Neuroblastoma, originating from sympathetic nervous tissue, is the most common extracranial tumor during childhood. Due to significant improvements in therapy in the recent years 5-year survival rates for non-high risk disease are good (>90%) [1]. However, stage 4 disease with distant organ metastases is highly common at diagnosis.

At the same time, outcome remains poor despite primary surgery and chemotherapy as well as intensive treatment protocols including megatherapy followed by blood stem cell transplantation, differentiation therapy, or immunotherapy [2].

Therefore, the development of novel therapeutic approaches for the treatment of neuroblastoma is one of the main objectives in pediatric oncology [3, 4].

The drug taurolidine [bis(1,1-dioxoperhydro-1,2,4-thiadiazinyl-4)methane] (TRD) is derived from the aminosulfone acid taurine that is able to protect mammalian tissue from oxidant-induced injury [5]. It was originally synthesized by Geistlich-Pharma.
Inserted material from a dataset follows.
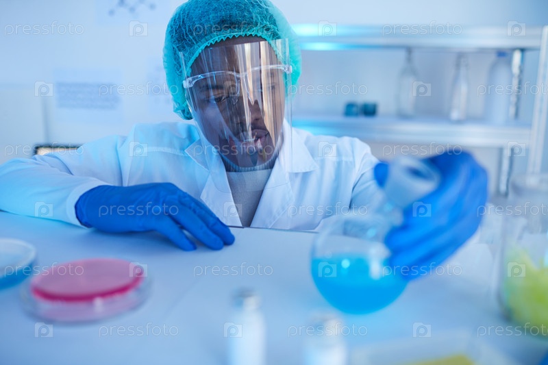 Человек, работающий с химикатами в лаборатории

TRD was initially used for its antiinflammatory and antimicrobial properties in the treatment of surgical and wound infections as well as for preventing infections by central venous catheters [6-8].
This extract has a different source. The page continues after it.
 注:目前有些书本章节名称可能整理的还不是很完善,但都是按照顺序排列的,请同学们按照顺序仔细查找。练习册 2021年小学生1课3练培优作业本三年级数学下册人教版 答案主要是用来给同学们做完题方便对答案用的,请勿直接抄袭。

In recent years, substantial evidence was presented for antineoplastic activities of TRD. Cell growth inhibition and induction of apoptosis was achieved in vitro and in vivo using animal models in such different tumors as bladder carcinoma [9], colon cancer [10-12], epithelioid cell sarcoma [13], esophageal cancer [14], fibrosarcoma [10, 15], gallbladder cancer [16], glioblastoma [17, 18], leiomyosarcoma [13], lung cancer [19], mesothelioma [20], melanoma [21, 22], osteosarcoma [23], ovarian cancer [19], pancreas carcinoma [10], prostate cancer [24] and rhabdomyosarcoma [13].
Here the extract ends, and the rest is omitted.